The camera 46 includes a wide-angle lens. Due to the nature of wide-angle lenses, video (and still images) captured by the camera 46 includes both distortion (405) and deformation (507) effects. The video module 40 includes deformation-reduction (1050) logic 72 and distortion-correction (508) logic 74. In some examples, the deformation-reduction (1050) logic 72 and the distortion-correction (508) logic 74 correspond to mapping tables (e.g., 807, 809, 811) that identify adjustments to make to images captured by the camera 46. In at least one example of this disclosure, the mapping tables are based on properties of a lens of the camera 46, such as focal length, etc. For each frame (705) of video captured by the camera 46, the video module 40 selects the deformation-reduction (1050) logic 72 or the distortion-correction (508) logic 40 based on a size of a view region selected by the control module 20 for that frame (705) as described further below herein. The video module 40 then applies the selected correction logic to the view region of the frame (705) to generate a corrected near end video frame (705). Thus, each corrected near-end video frame (705) corresponds to a potentially cropped and corrected version of a video frame (705). The corrected near end video frames (705) taken together comprise corrected near-end video.

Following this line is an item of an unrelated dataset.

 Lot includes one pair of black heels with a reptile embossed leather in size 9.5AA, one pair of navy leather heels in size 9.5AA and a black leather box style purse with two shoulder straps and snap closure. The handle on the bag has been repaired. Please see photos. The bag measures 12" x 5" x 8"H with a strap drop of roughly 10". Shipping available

The videoconferencing endpoint 10 uses the codecs 32/42 to encode the near-end audio and the corrected near-end video according to any of the common encoding standards, such as MPEG-1, MPEG-2, MPEG-4, H.261, H.263 and H.264. Then, the network module 50 outputs the encoded near-end audio and corrected video to the remote videoconferencing endpoints 60 via the network 55 using any appropriate protocol. Similarly, the network module 50 receives the far-end audio and video via the network 55 from the remote videoconferencing endpoints 60 and sends these to their respective codec 32/42 for processing. Eventually, a loudspeaker 130 outputs the far-end audio (received from a remote videoconferencing endpoint), and a display 48 outputs the far-end video. The display 48 also outputs the corrected near-end video in some examples.

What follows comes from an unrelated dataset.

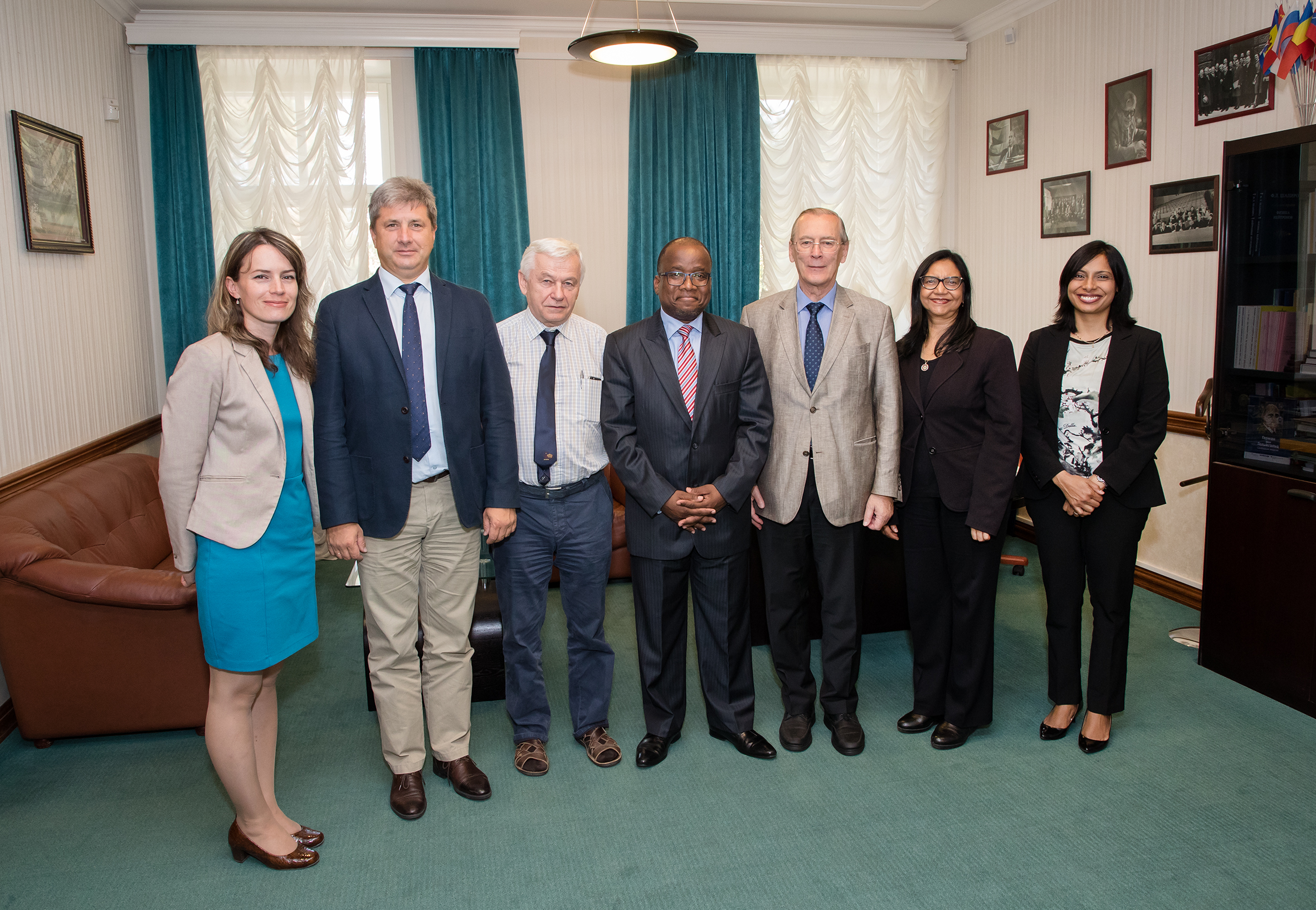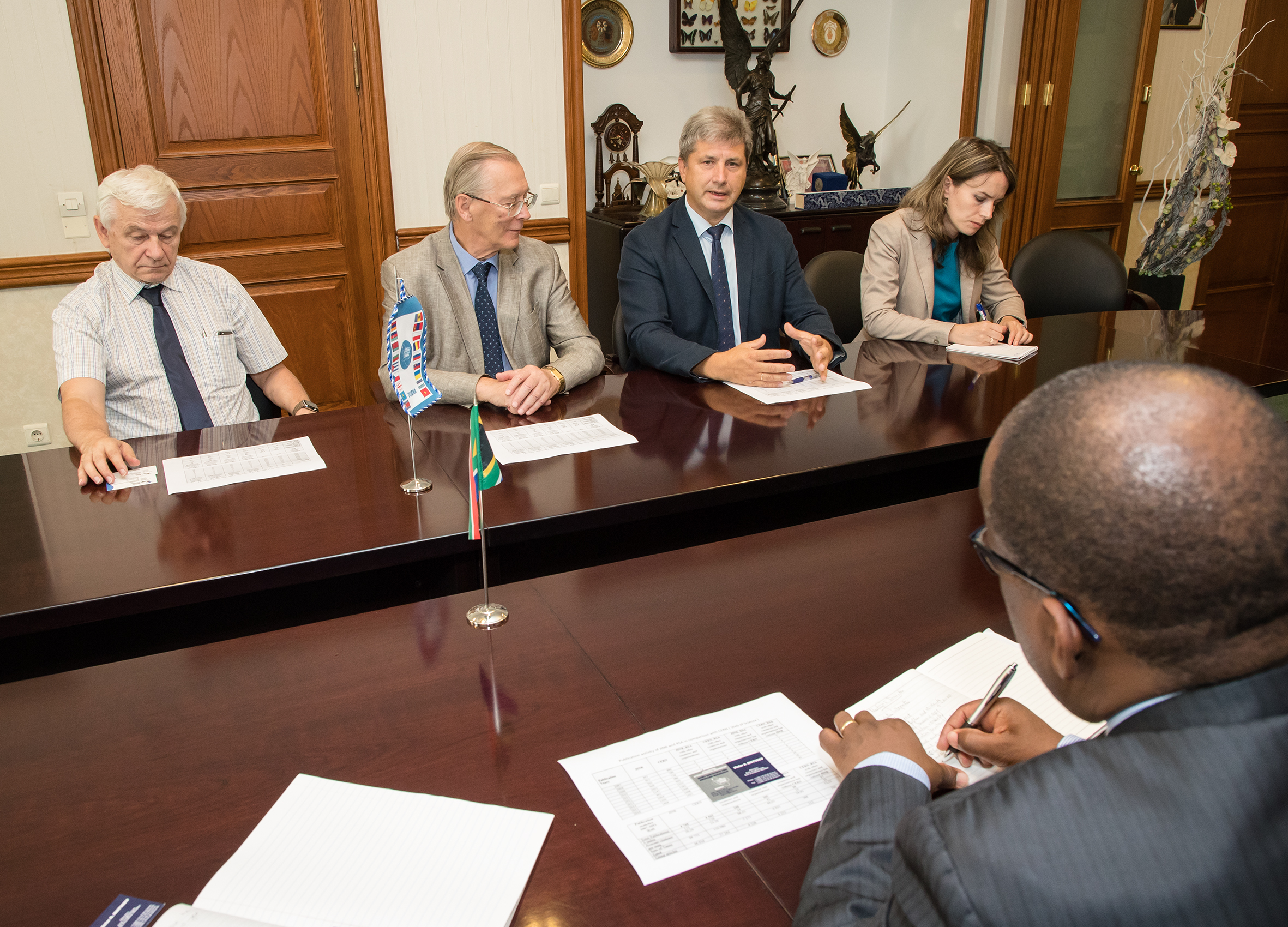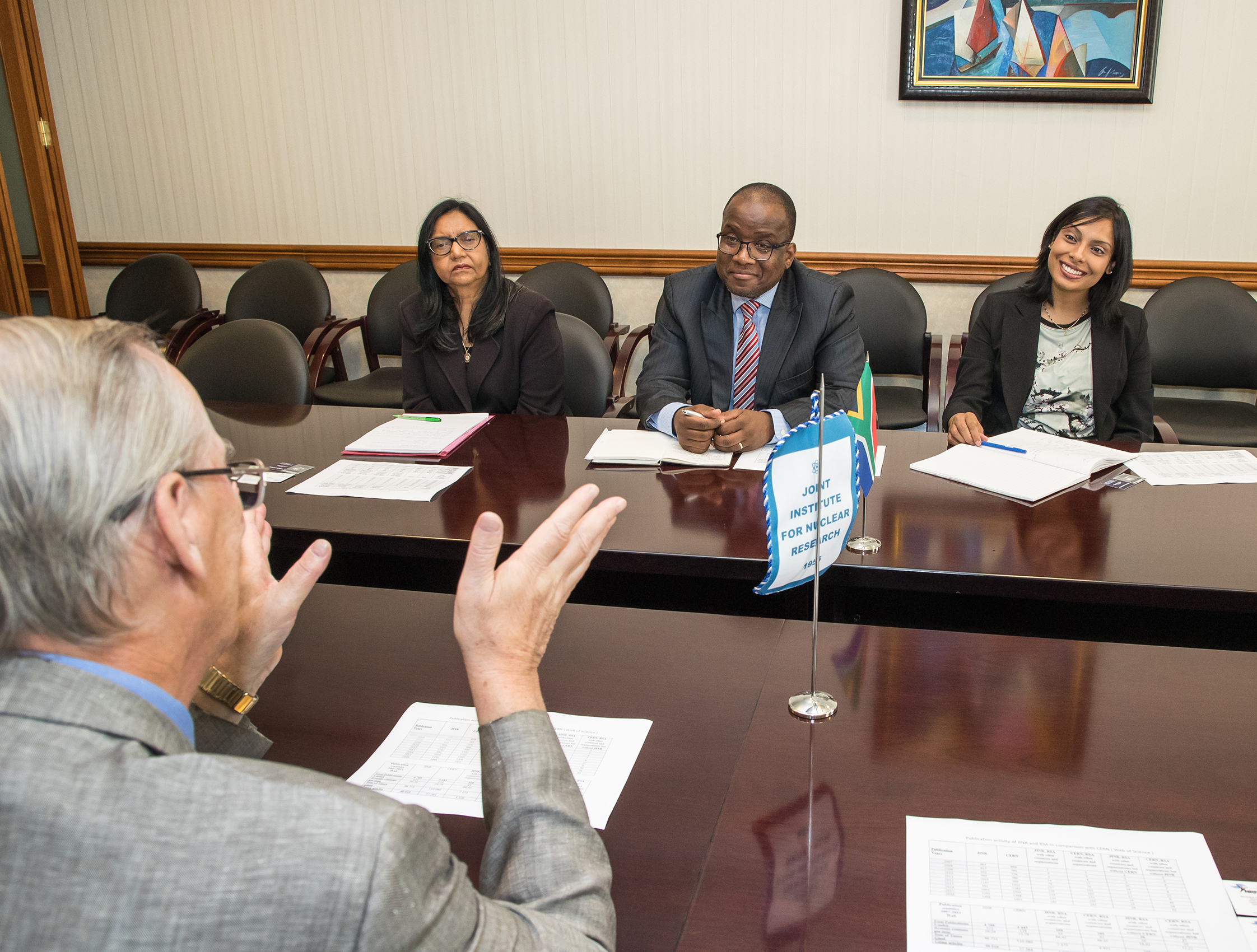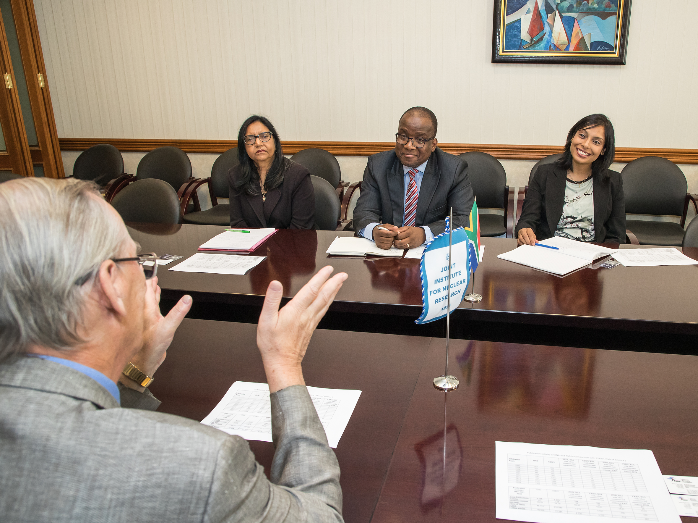 6 сентября 2018 г. заместитель генерального директора Национального исследовательского фонда Южной Африки (NRF) Клиффорд Нксомани встретился с директором ОИЯИ В.А. Матвеевым. NRF на встрече также представляли исполнительный директор по развитию кадрового и инфраструктурного потенциала Ромилла Махарадж и директор по развитию кадрового и инфраструктурного потенциала Ракешни Рамутар-Приешл. Со стороны ОИЯИ во встрече приняли участие вице-директор ОИЯИ Р. Ледницки, начальник Отдела международного сотрудничества ОИЯИ Д.В. Каманин и секретарь Объединенного координационного комитета по сотрудничеству ЮАР-ОИЯИ А.А. Котова.

The processing unit 110 includes a CPU, a GPU, or both. The memory 140 can be any conventional memory such as SDRAM and can store modules 145 in the form of software and firmware for controlling the videoconferencing endpoint 10. The stored modules 145 include the various video and audio codecs 32/42 and software components of the other modules 20/30/40/50/200 discussed previously. Moreover, the modules 145 can include operating systems, a graphical user interface (GUI) that enables users to control the videoconferencing endpoint 10, and other algorithms for processing audio/video signals.
The network interface 150 provides communications between the videoconferencing endpoint 10 and remote videoconferencing endpoints (60). By contrast, the general I/O interface 160 can provide data transmission with local devices such as a keyboard, mouse, printer, overhead projector, display 48, external loudspeakers, additional cameras 46, microphones, etc.

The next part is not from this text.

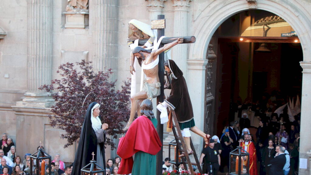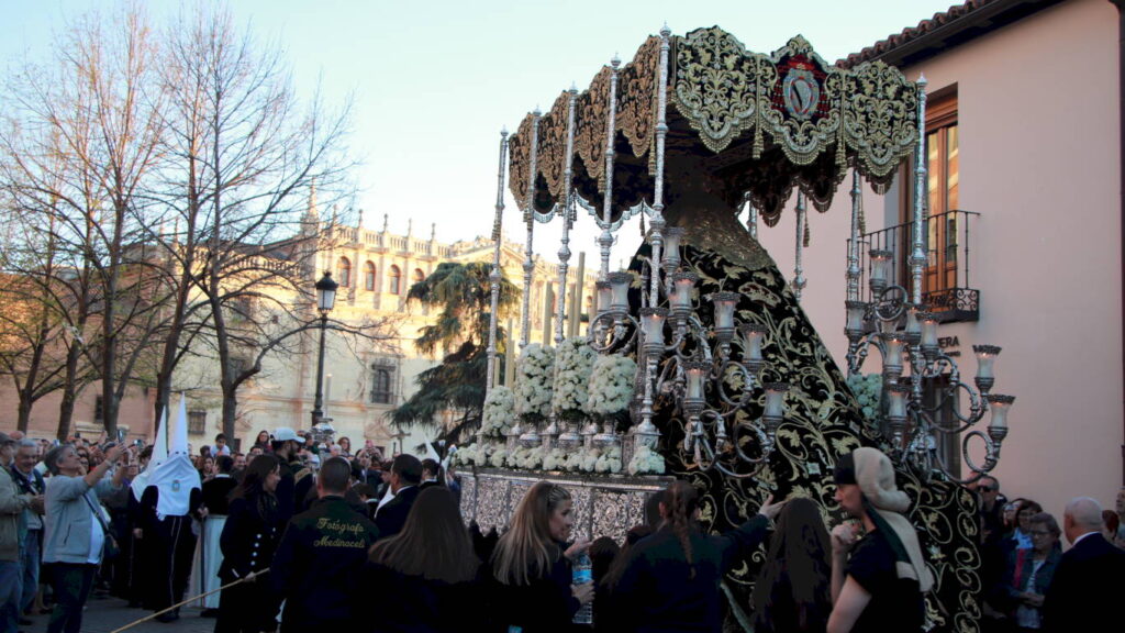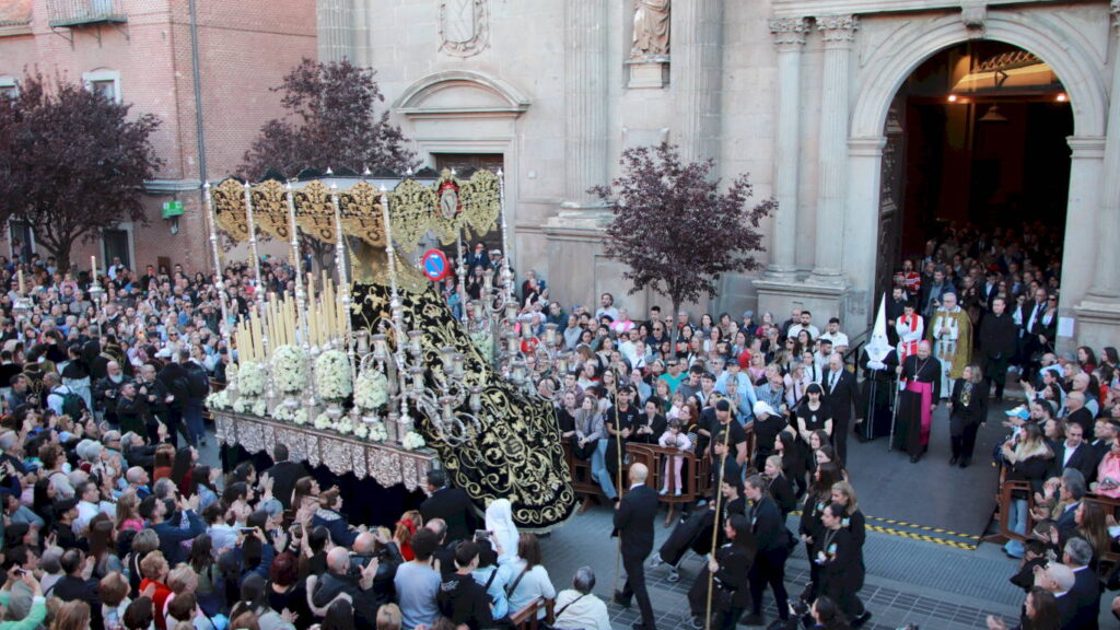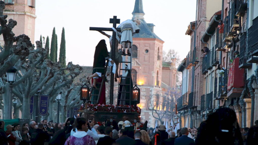 La Soledad Coronada y El Sagrado Descendimiento salían de Santa María la Mayor ante la expectación de un público devoto en fe, pero también en cultura y tradición. El acompañamiento musical en esta ocasión corrió a cargo de la Capilla Musical Sagrado Descendimiento y la Banda de Palio de Juventudes Musicales de Alcalá.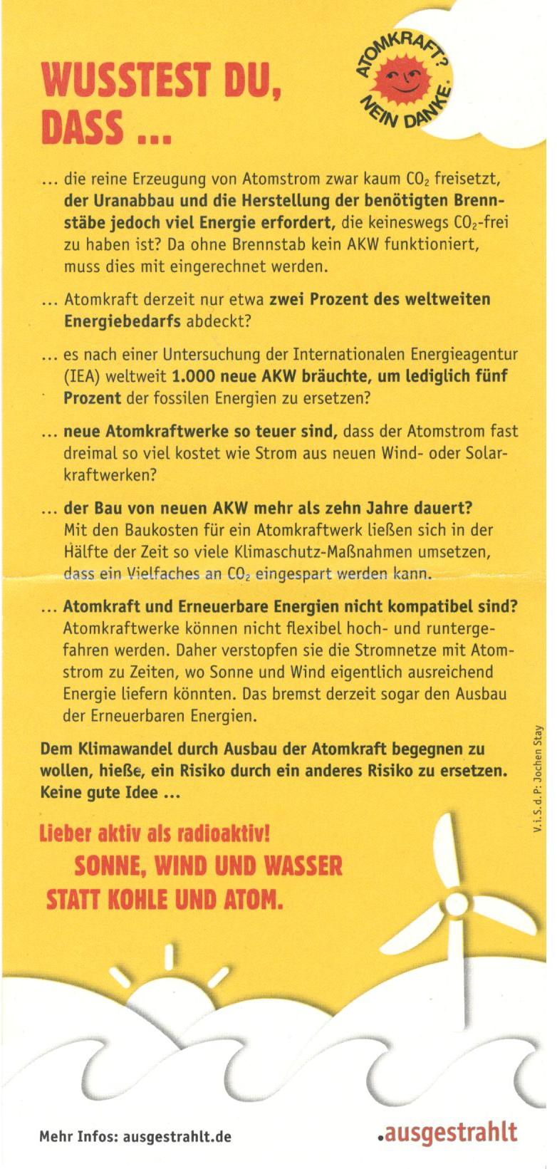 Weitere Argumente sind auf dem Flugblatt von ausgestrahlt aufgelistet. Zum Vergrößern bitte anklicken

As described above, the videoconferencing endpoint 10 captures frames (705) of video, selectively crops the frames (705) to view regions, and selectively applies deformation (507) or distortion-correction (508) to the view regions based on size of the view regions. Because distortion (405) may be more noticeable in relatively larger view regions and deformation (507) may be more noticeable in relatively smaller view regions, selectively using one of the correction techniques enhances quality of video during a communication session by addressing irregularities that may be more noticeable to a communication session participant. Thus,
In many artificial intelligence-based cameras 46, when an active speaker is determined an active speaker view is formed by cropping the region containing the speaker's face (308) from a full view captured by the camera 46. When someone at the far end looks at the feed containing the wide view and the feed containing the active talker, he or she will tend to notice (and be distracted by) distortion (405) in the wide view, while he or she will tend to notice (and be distracted and/or disturbed by) any deformation (507) of the face (308) if present. In a full view, the viewer would care more about the geometric reality of background since it occupies the most regions in an image. In active speaker view, the viewer cares more about proper depiction of the single person who is the subject of the active speaker view. If the lens distortion-correction (508) formula that is used for a full view is also used in a corresponding active speaker view, the deformation (507) of the facial features can be made more noticeable. In at least one example of this disclosure, systems and methods (800) are described which address this problem.
In at least one example of this disclosure, in the central region (301) of a full view image, distortion (405) and deformation (507) could be corrected very well at the same time. But in corner regions, deformation (507) of a human face (308) will increase if the corrective measures applied to the central region (301) are applied in the same way to the corner regions.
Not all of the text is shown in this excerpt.